Tefferi A, Mesa R A, Nagorney D M, Schroeder G, Silverstein M N
Division of Hematology, Cancer Center Statistics Unit, Mayo Clinic and Mayo Foundation, Rochester, MN, USA.
Blood. 2000 Apr 1;95(7):2226-33.
In a 20-year period, 223 patients (median age, 64.8 years) with myelofibrosis with myeloid metaplasia (MMM) had therapeutic splenectomy at our institution. Primary indications for surgery were transfusion-dependent anemia (45.3%), symptomatic splenomegaly (39. 0%), portal hypertension (10.8%), and severe thrombocytopenia (4.9%). Operative mortality and morbidity rates were 9% and 31%, respectively. The 203 survivors of surgery had a median postsplenectomy survival time (PSS) of 27 months (range, 0-155). Among preoperative variables, thrombocytopenia (platelet count less than 100 x 10(9/)L) and nonhypercellular bone marrow were identified as independent risk factors for decreased PSS. Durable remissions in constitutional symptoms, transfusion-dependent anemia, portal hypertension, and severe thrombocytopenia were achieved in 67%, 23%, 50%, and 0% of the patients, respectively. Histologic or cytogenetic features of bone marrow obtained before splenectomy did not predict a response in cytopenias. After splenectomy, substantial enlargement of the liver and marked thrombocytosis occurred in 16.1% and 22.0% of the patients, respectively. The thrombocytosis was associated with an increased risk of perioperative thrombosis and decreased PSS. The rate of blast transformation (BT) was 16.3%, and the risk of BT was higher in the presence of increased spleen mass and preoperative thrombocytopenia. However, the PSS of patients with BT was not significantly different from that of patients without BT. We conclude that presplenectomy thrombocytopenia in MMM may be a surrogate for advanced disease and is associated with an increased risk of BT and inferior PSS. However, the development of BT after splenectomy may not affect overall survival and does not undermine the palliative role of the procedure for the other indications.
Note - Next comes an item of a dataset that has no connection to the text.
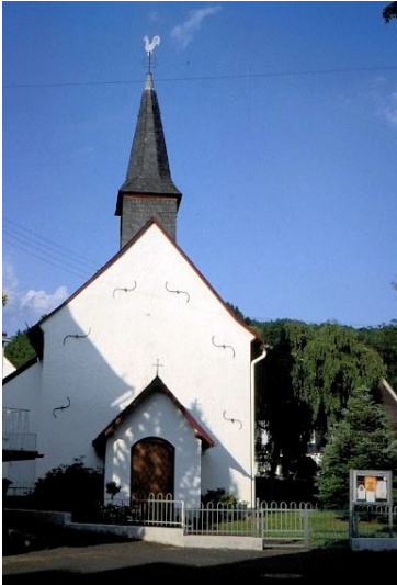
Evangelische Antoniuskapelle in Anzhausen (2005)

在20年期间,223例骨髓纤维化伴髓外化生(MMM)患者(中位年龄64.8岁)在我院接受了治疗性脾切除术。手术的主要指征为输血依赖型贫血(45.3%)、有症状的脾肿大(39.0%)、门静脉高压(10.8%)和严重血小板减少(4.9%)。手术死亡率和发病率分别为9%和31%。203例手术幸存者的脾切除术后中位生存时间(PSS)为27个月(范围0 - 155个月)。在术前变量中,血小板减少(血小板计数低于100×10⁹/L)和非高细胞性骨髓被确定为PSS降低的独立危险因素。分别有67%、23%、50%和0%的患者在全身症状、输血依赖型贫血、门静脉高压和严重血小板减少方面实现了持久缓解。脾切除术前获得的骨髓组织学或细胞遗传学特征不能预测血细胞减少的反应。脾切除术后,分别有16.1%和22.0%的患者出现肝脏明显肿大和显著的血小板增多。血小板增多与围手术期血栓形成风险增加和PSS降低相关。原始细胞转化(BT)率为16.3%,脾脏肿大增加和术前血小板减少时BT风险更高。然而,发生BT的患者的PSS与未发生BT的患者无显著差异。我们得出结论,MMM患者脾切除术前的血小板减少可能是疾病进展的一个替代指标,并且与BT风险增加和较差的PSS相关。然而,脾切除术后BT的发生可能不影响总体生存,并且不削弱该手术对其他指征的姑息作用。